__Your assignment__
Using the data below, reproduce exactly the lines from the line with "کالا: مغازه | |" to the line with "L'immagine mi infonde", both included; pictures must be dropped.

__Data below__
########

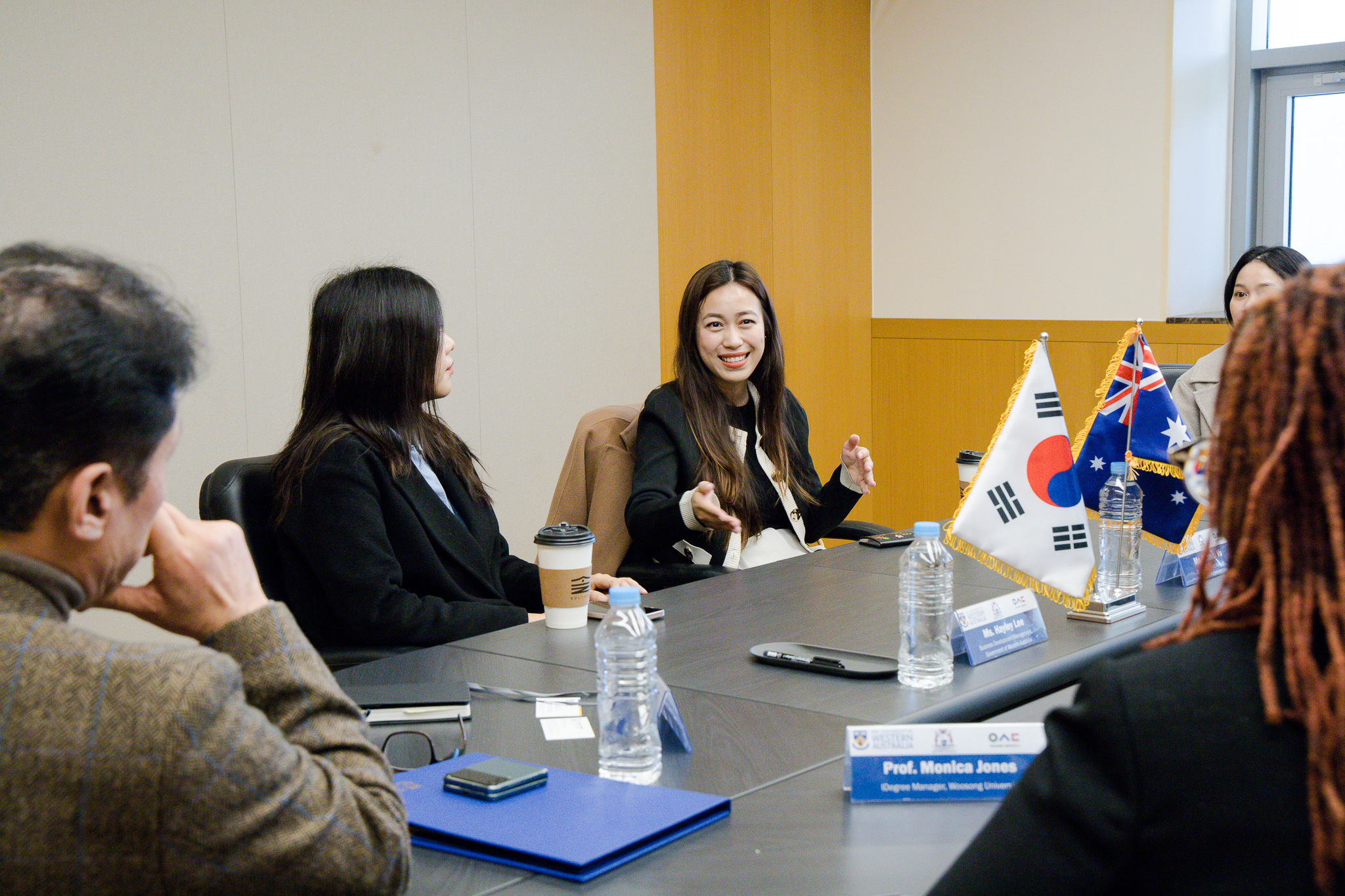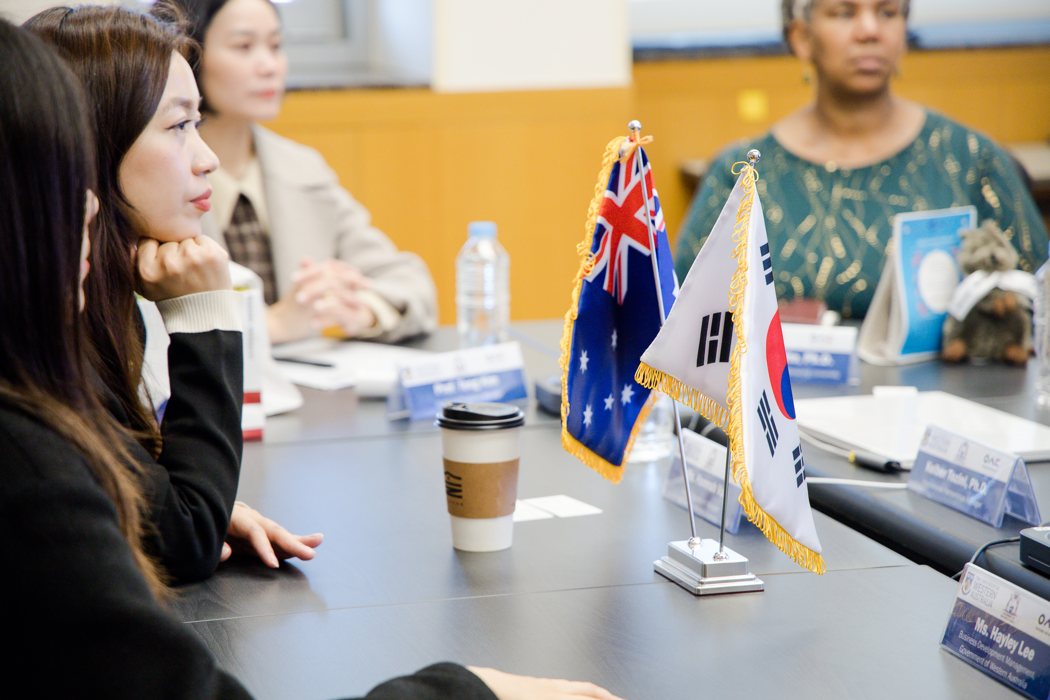 On November 14, 2025, the Office of International Affairs had the pleasure of welcoming Ms. Hannah Vu from The University of Western Australia (UWA) and Ms. Haylee Lee from the Government of Western Australia to Woosong University.
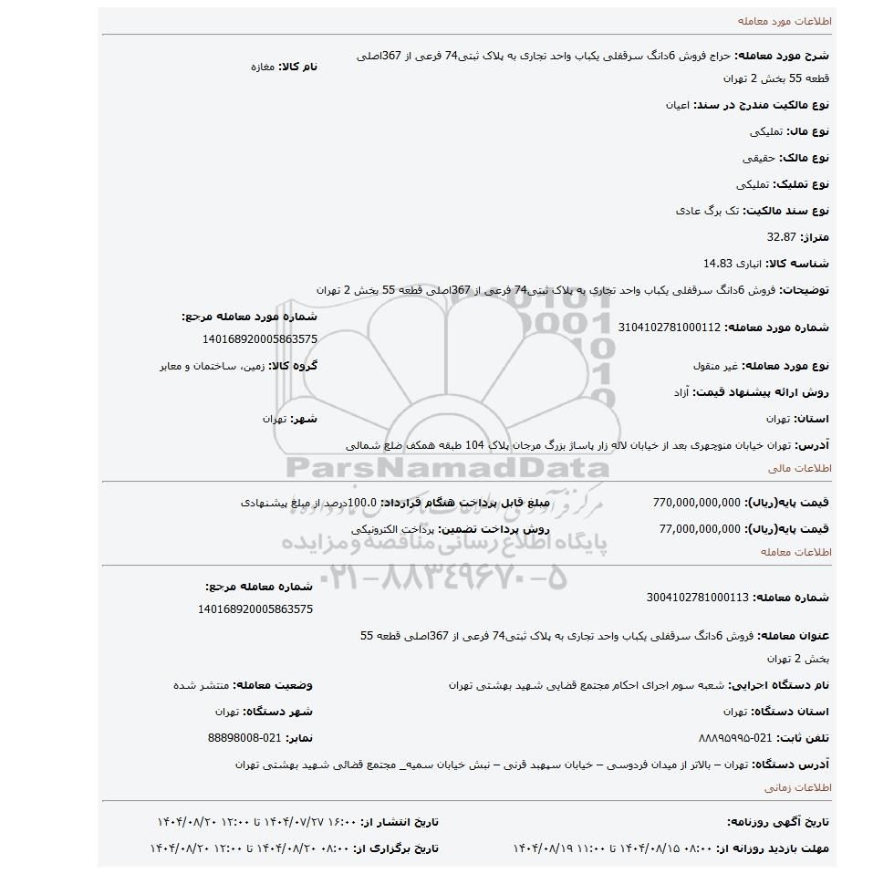 | شرح مورد معامله: حراج فروش 6دانگ سرقفلی یکباب واحد تجاری به پلاک ثبتی74 فرعی از 367اصلی قطعه 55 بخش 2 تهران | نام کالا: مغازه | |
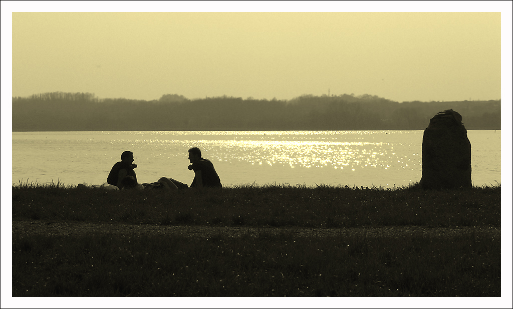 L'immagine mi infonde un senso di tranquillità... mi sembra di sentire le voci sommesse dei due amici mentre discutono sui temi più profondi della vita!
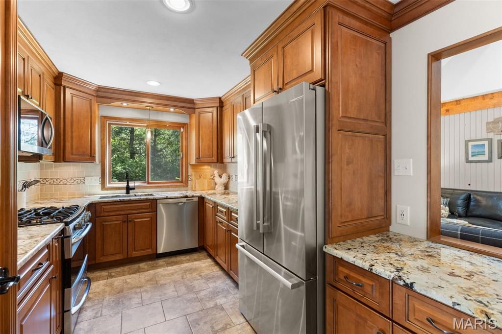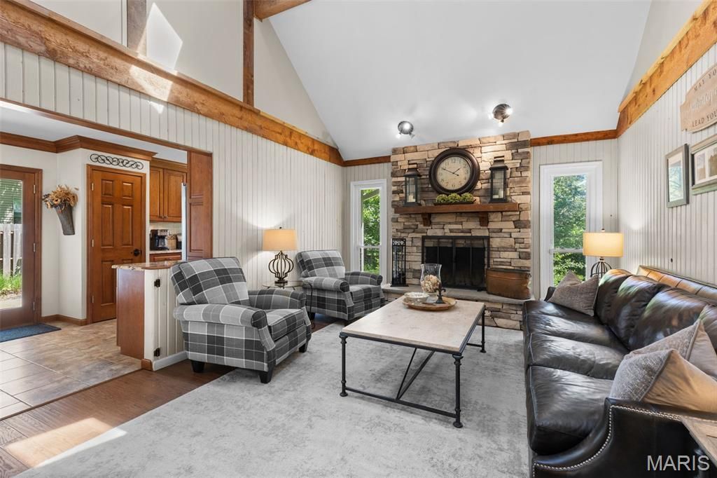 Beautifully updated and move-in-ready, this home offers a charming blend of style and functionality in a central and desirable part of Chesterfield, close to highways and Parkway Schools. Featuring 4 bedrooms and 2.5 baths, the home includes a sought-after main-floor primary suite with convenient main-floor laundry. With nearly 2,000 square feet of inviting living space, plus a professionally finished lower level adding approximately 900 additional square feet, there's plenty of room to relax, entertain, or unwind. The kitchen is thoughtfully designed with custom wood cabinetry, granite countertops, a gas cooktop and oven, ceramic tile flooring, and views of the backyard. The great room features soaring ceilings open to the second floor and a cozy wood-burning stone fireplace, complemented by beadboard detailing along the walls, creating a warm and welcoming gathering space. Upstairs, three generously sized bedrooms feature newer carpet (2022) and are complemented by a versatile bonus loft-ideal for a reading nook, homework station, or home office. Major updates include a new roof (2025), offering added value and long-term peace of mind. Step outside to enjoy a private backyard backing to a wooded area, creating a peaceful setting, complete with a patio and firepit-perfect for relaxing or entertaining. This home offers flexible living space and everyday comfort in a great Chesterfield location.

########

__Solution for this problem__
 | شرح مورد معامله: حراج فروش 6دانگ سرقفلی یکباب واحد تجاری به پلاک ثبتی74 فرعی از 367اصلی قطعه 55 بخش 2 تهران | نام کالا: مغازه | |
 L'immagine mi infonde un senso di tranquillità... mi sembra di sentire le voci sommesse dei due amici mentre discutono sui temi più profondi della vita!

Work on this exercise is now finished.